The answer to where to invest really comes down to two things: the time horizon for your goals, and how much risk you’re willing to take.
Let’s tackle time horizon first: If you’re investing for a far-off goal, like retirement, you should be invested primarily in stocks (again, we recommend you do that through mutual funds).
Investing in stocks will allow your money to grow and outpace inflation over time. As your goal gets closer, you can slowly start to dial back your stock allocation and add in more bonds, which are generally safer investments.
On the other hand, if you’re investing for a short-term goal — less than five years — you likely don’t want to be invested in stocks at all. Consider these short-term investments instead.

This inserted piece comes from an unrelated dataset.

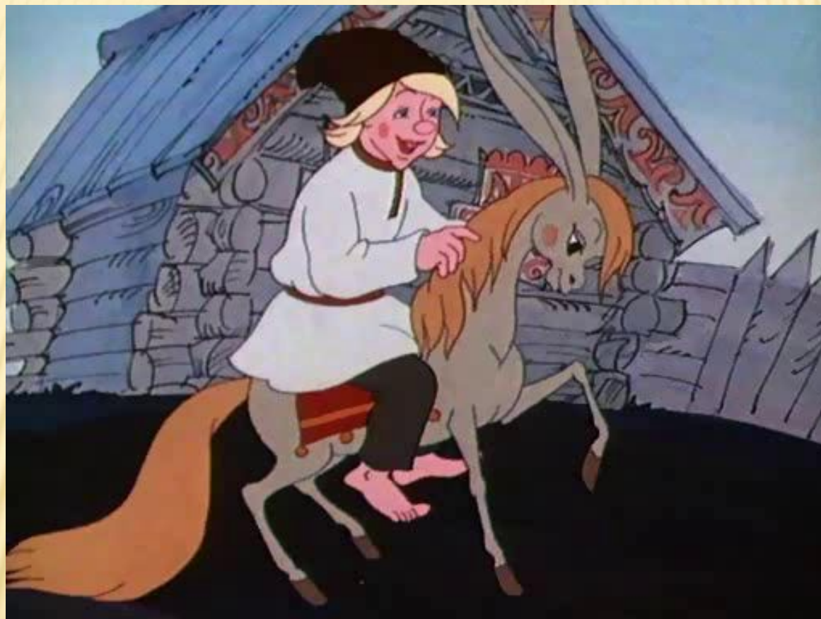
Конек горбунок (волшебная)

Finally, the other factor: risk tolerance. The stock market goes up and down, and if you’re prone to panicking when it does the latter, you’re better off investing slightly more conservatively, with a lighter allocation to stocks.
What stocks should I invest in?
Cue the broken record: Our recommendation is to invest in many stocks through a stock mutual fund, index fund or ETF — for example, an S&P 500 index fund that holds all the stocks in the S&P 500.
If you’re after the thrill of picking stocks, though, that likely won’t deliver. You can scratch that itch and keep your shirt by dedicating 10% or less of your portfolio to individual stocks.
Is stock trading for beginners?
While stocks are great for many beginner investors, the “trading” part of this proposition is probably not. Maybe we’ve already gotten this point across, but to reiterate: We highly recommend a buy-and-hold strategy using stock mutual funds.
That’s precisely the opposite of stock trading, which involves dedication and a great deal of research. Stock traders attempt to time the market in search of opportunities to buy low and sell high.
Just to be clear: The goal of any investor is to buy low and sell high. But history tells us you’re likely to do that if you hold on to a diversified investment — like a mutual fund — over the long term. No active trading required.